Столь же негромкий, как и доклад Мухаметзянова, приказ Григорьева привел в движение мотоциклы. Два М-72 и «Харлей-Дэвидсон» старшего сержанта взревели и рванулись по мощеной улице к дому. Эсэсовцы не зевали, из чердачного окна застрочил пулемет. Заливистый лай немецкого МГ-42 был недолгим. Гулко ухнул миномет Ибрагима Мухаметзянова, мина со свистом понеслась к дому, ударила в черепичную крышу рядом с чердачным окном. Оглушительный взрыв заставил пулемет замолчать. По окнам второго этажа яростно ударил «Дегтярев» белоруса Федоса Якимчика. Огнем из автомата его поддержал Вахтанг Гургенидзе. Из соседнего дома раздались частые винтовочные выстрелы, это на помощь разведчикам пришли пражские жандармы Франтишека.

Под звуки выстрелов и звон стекла мотоциклы вплотную подъехали к забору. Теперь они были в «мертвой» непростреливаемой зоне – с чердака и из окон дома не достать, а вот за забором их, скорее всего, поджидала опасность. Но на то она и война, а войны без опасности, как и без потерь, не бывает…

Водитель первого экипажа Аркадий Лисковец остановил мотоцикл, вскочил на оба сиденья лицом к забору, уперся руками в кладку и присел, давая возможность стрелку Джумагалиеву взобраться себе на плечи. Подсадив Айдарбека, он снова присел. Следующим на заборе, с его помощью, оказался Григорьев. Спрыгнув, он присоединился к Джумагалиеву. Айдарбек уже успел срезать короткой очередью метнувшегося к нему от ворот крупного пса. Немецкая овчарка взвизгнула, перекувыркнулась и черно-рыжим комком замерла у забора в двух метрах от его ног.

Прикрывая частым огнем из автоматов перелезавших через забор товарищей, разведчики рванулись к окнам первого этажа.
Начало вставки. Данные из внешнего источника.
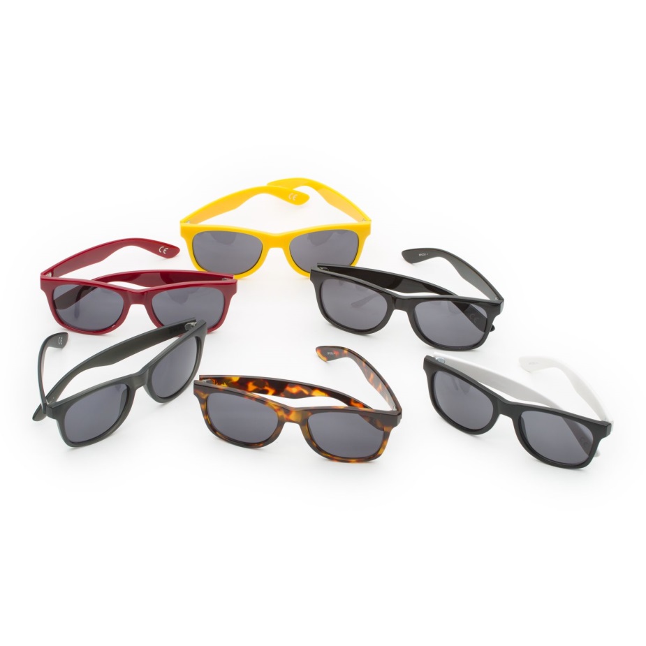τα γυαλιά ηλίου Spicoli είναι 100% πολυανθρακικά γυαλιά ηλίου με φακούς που προστατεύονται από την υπεριώδη ακτινοβολία και ένα ανάγλυφο λογότυπο βαν στο ναό.
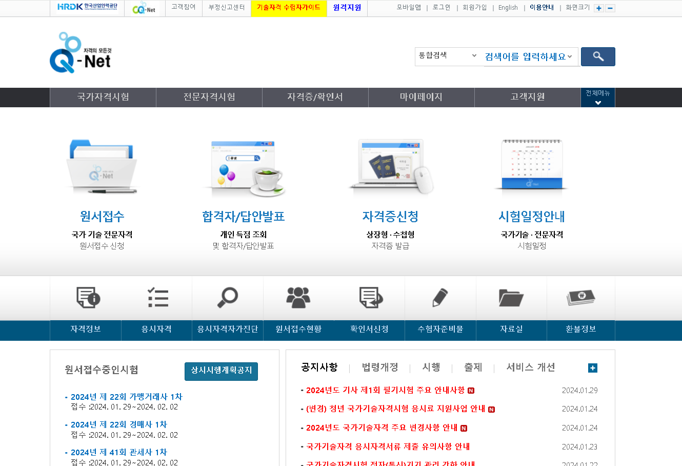 큐넷 (Q-NET)은 한국산업인력공단에서 운영하는 홈페이지로 국가기술자격 시험을 주관하고 있습니다.
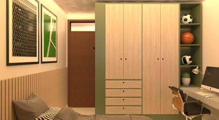 O quarto de Pietro (Figura 58 e 59) trabalha com cores no tom de verde, sendo pintura na cor Regata e Ar Refrescante da Suvinil, e os móveis em marcenaria amadeirada e verde, um combinado de Castanheira Natural e Sálvia da Arauco.
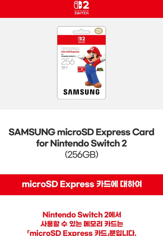 - 속도와 가성비: 간혹 **'일반 메모리 카드'**를 사용하시는 분들이 있는데, 스위치 2는 빠른 속도로 데이터를 읽어야 로딩 지연이 없습니다. 닌텐도 스위치 2 전용으로 설계된 삼성 Micro SD 카드는 일반 메모리 카드들보다 살짝 비싸도, 스위치 2가 빠르게 읽을 수 있도록 최적화되어 있기 때문에, 성능을 고려하면 용량 대비 가격이 오히려 착한편입니다!
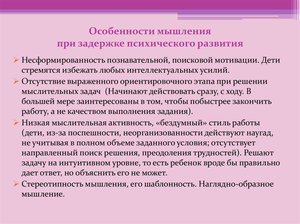 Особенности мышленияпри задержке психического развития

В одном из них появился эсэсовец в сером кепи. Григорьев успел заметить его краем глаза. Слишком поздно. Немцу оставалось только нажать спусковой крючок, чтобы прервать жизнь старшего сержанта. Этого эсэсовец сделать не успел. Пуля, выпущенная из снайперской винтовки бывалого сибирского охотника Мельникова, вошла ему аккурат между глаз. Немец повалился на подоконник. Кепи упало с его головы, обнажая светло-русые волосы. На мощном бритом затылке эсэсовца зияло кроваво-черной дырой выходное отверстие.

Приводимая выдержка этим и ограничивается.